“They got to the door, and suddenly my darling turned,—O ma’am, it’s the best thing in my whole life to remember that! Of her own accord she turned and came back to me, and said she,—
“‘Don’t think, Sally, that I’m not sorry to say good-by. Of course I can’t be sorry to find my own mamma and my right home, but I’m sorry to leave you.’
“And then she put her arms round my neck and kissed me just as she had done when I took her home that night from Jacopo’s, six years before; and then she went away, and the sunshine, it seemed to me, went out of the door with her, and has never come back since.”
The poor little surgeon of the dolls stopped speaking, and cried very quietly, as those cry who are not used to have their tears wiped away, or their sorrows comforted.
I wanted to say that Lady Jane seemed to me a heartless little piece, who cared for nothing in the world but herself, and wasn’t worth grieving for; but I felt there would be no comfort for her in thinking that there had never been any thing worth having in her life. Far better let her go on believing that for six years she had sheltered an angel at her fireside.
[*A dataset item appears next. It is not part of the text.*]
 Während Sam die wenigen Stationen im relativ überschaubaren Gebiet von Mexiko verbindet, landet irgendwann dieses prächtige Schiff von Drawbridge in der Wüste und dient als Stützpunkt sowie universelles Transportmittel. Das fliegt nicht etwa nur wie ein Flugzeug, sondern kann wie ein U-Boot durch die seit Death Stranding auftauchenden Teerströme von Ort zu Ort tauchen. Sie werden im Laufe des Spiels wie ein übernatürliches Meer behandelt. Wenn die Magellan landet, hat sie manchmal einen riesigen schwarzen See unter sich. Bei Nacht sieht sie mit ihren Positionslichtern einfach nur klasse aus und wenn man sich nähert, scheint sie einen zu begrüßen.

At last, when I saw her tears were ceasing to flow, I said, “And when did you see her again?”
“Oh, I have never seen her since that day. I think she pitied me too much to come back and give me the sorrow of parting with her over again. No, I have never seen her, but her mother sent me five hundred pounds.”
“And so she ought,” I said impulsively. “It was little enough for all you had done.”
Surgeon Sally looked at me with wonder, not unmixed with reproach, in her eyes.